Alkaloid evolution in the Solanaceae.

Alkaloids are a diverse class of nitrogen-containing metabolites involved in key biotic interactions, such as defense against herbivores and pathogens and the recruitment of pollinators. The Solanaceae family has served as a model for studying alkaloid evolution, due to the varied types of alkaloids it produces, such as nicotinoids, tropane alkaloids (TAs), steroidal glycoalkaloids (SGAs), and capsaicinoids. Recent multi-omics and comparative genomics studies have expanded our understanding of the genetic and evolutionary mechanisms driving alkaloid diversification. These metabolites are produced by specific clades within the family, often in response to selective pressures such as herbivore and pathogen coevolution, which shape alkaloid profiles through both diversification and reduction. Evolutionary processes like genome duplications, rearrangements, and introgressions have also played a significant role in the emergence of new alkaloid pathways, promoting metabolic adaptations. The Solanaceae family exhibits both convergence and divergence in alkaloid production, with certain alkaloids arising independently in different lineages. Notably, biosynthetic gene clusters (BGCs) and gene duplication have been linked to alkaloid diversification, with the structure and function of these regions driving metabolic variability.

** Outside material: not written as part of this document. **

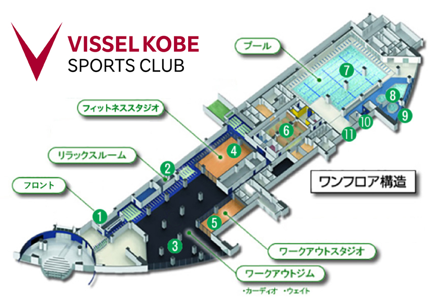 ヴィッセル神戸スポーツクラブはノエビアスタジアム神戸にあるトレーニングジム、プール、フットサルコートなど、多種多様な運動方法をお選びいただける総合型スポーツクラブです。
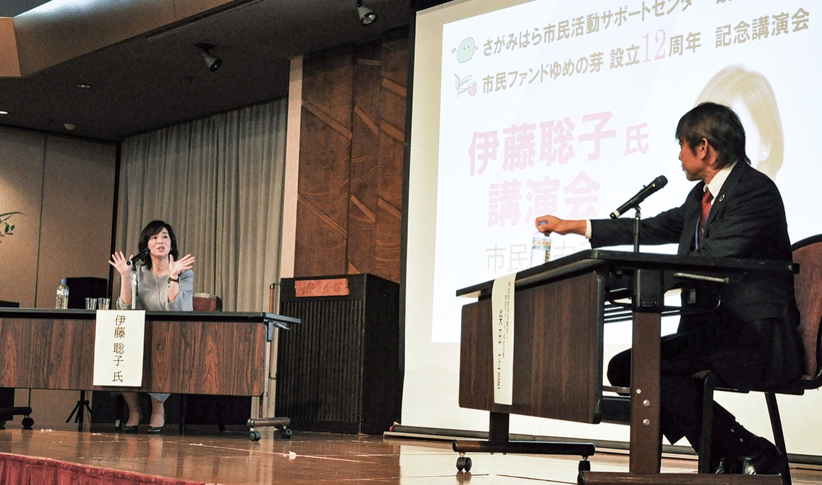 公設民営施設「さがみはら市民活動サポートセンター」の設立20周年、および市民ファンド「ゆめの芽」の12周年を記念した公開市民講演会が11月23日、けやき会館(富士見)で行われた。市民活動に係るおよそ100人の来場があり、「市民の力」の可能性を語る講師の話に熱心に耳を傾けるなど、充実した時間を過ごしていた。

Furthermore, human domestication of plants such as tobacco and chili peppers has influenced the alkaloid profiles of crop species, particularly in terms of pest resistance and flavor. The evolution of alkaloids in this family has not only shaped plant defense mechanisms but also has important implications for human health and agriculture. This review highlights the dynamic interplay between genetics, ecology, and human influence in the evolution of alkaloids within the Solanaceae family.